The number $$\lvert S\rvert$$ of nodes needed to determine the state of another node is bounded. It is 1 or 2 in our current design. Therefore the cost of computing the next state of the nodes of the system is $$O(\lvert A\rvert)$$ when $$A$$ designates the set of active nodes at a given cycle, rather than the total number of nodes.

6 Architecture

6.1 Overview

As envisioned, our system is made up of three major components:

1. Pattern recognition subsystem: A built-in perception subsystem that reads inputs and activates internal nodes that represent concepts, i.e. patterns identified in the input.
2. Action optimizer: A built-in action subsystem whose role is to connect internal nodes to optimal output nodes, given a built-in objective function.
3. Input-Output (IO) modules which create input nodes and output nodes and can perform arbitrary computations and interactions with the environment.

The inside of the system is what carries information from the input nodes (squares $$\Box$$) to the output nodes (triangles $$\rhd$$).

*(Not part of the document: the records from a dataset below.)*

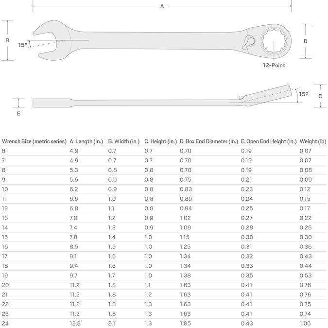• 19-pc metric reversible ratcheting combination wrenches: 6, 7, 8, 9, 10, 11, 12, 13, 14, 15, 16, 17, 18, 19, 20, 21, 22, 23, 24 mm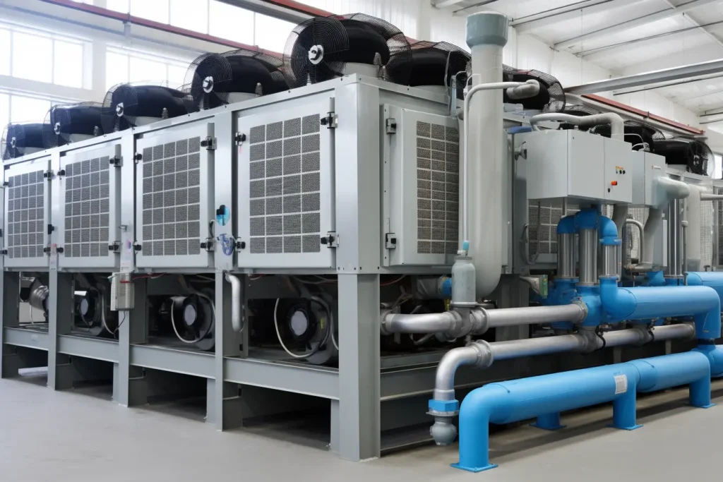 Refrigeration compressors, valves, and pipelines are used in industrial cooling systems to regulate temperature and maintain stable production environments.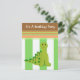 Um dinossauro fofo com um corpo verde, manchas verdes escuras e uma cauda espichave. Um fundo de listras verdes e brancas atrás dele. Uma borda marrom com faixas divertidas em verdes e cores laranja o acendem. Personalize com todas as informações de sua parte conforme desejado.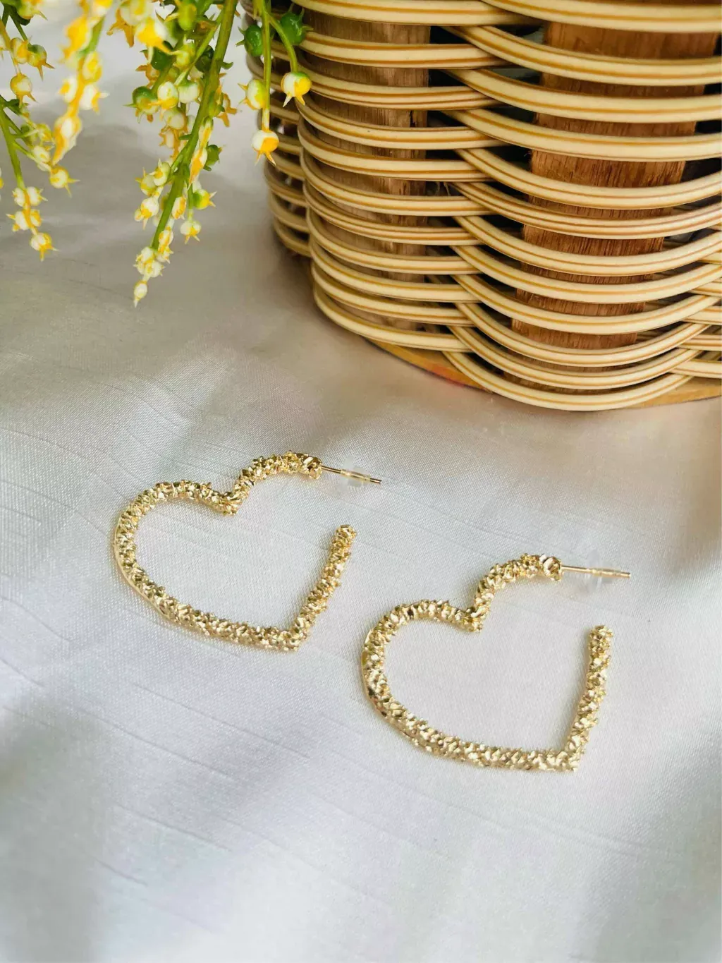 Argola de Coração Texturizada Folheado a Ouro 18K

It views input nodes and output nodes as unordered sets, with no a priori knowledge of their role.

Input nodes and output nodes can be more or less built-in, depending on the implementation. In any case, IO modules (3) are independent pieces of software that can create input nodes and output nodes freely, either during system initialization or later, dynamically. IO modules are responsible for activating and deactivating their input nodes, and they are supposed to read the binary state of the output nodes and do something with it.

6.2 Perception

6.2.1 Input nodes and internal nodes

The subsystem in charge of pattern identification or perception is made up of nodes. At a given cycle or tick of the system’s clock, a node is either active or inactive. There are two kinds of nodes and they differ in the way they are activated. The input nodes, always represented by squares, are activated by IO modules. The other nodes are referred to as internal nodes or regular nodes and are activated by a pair of other nodes.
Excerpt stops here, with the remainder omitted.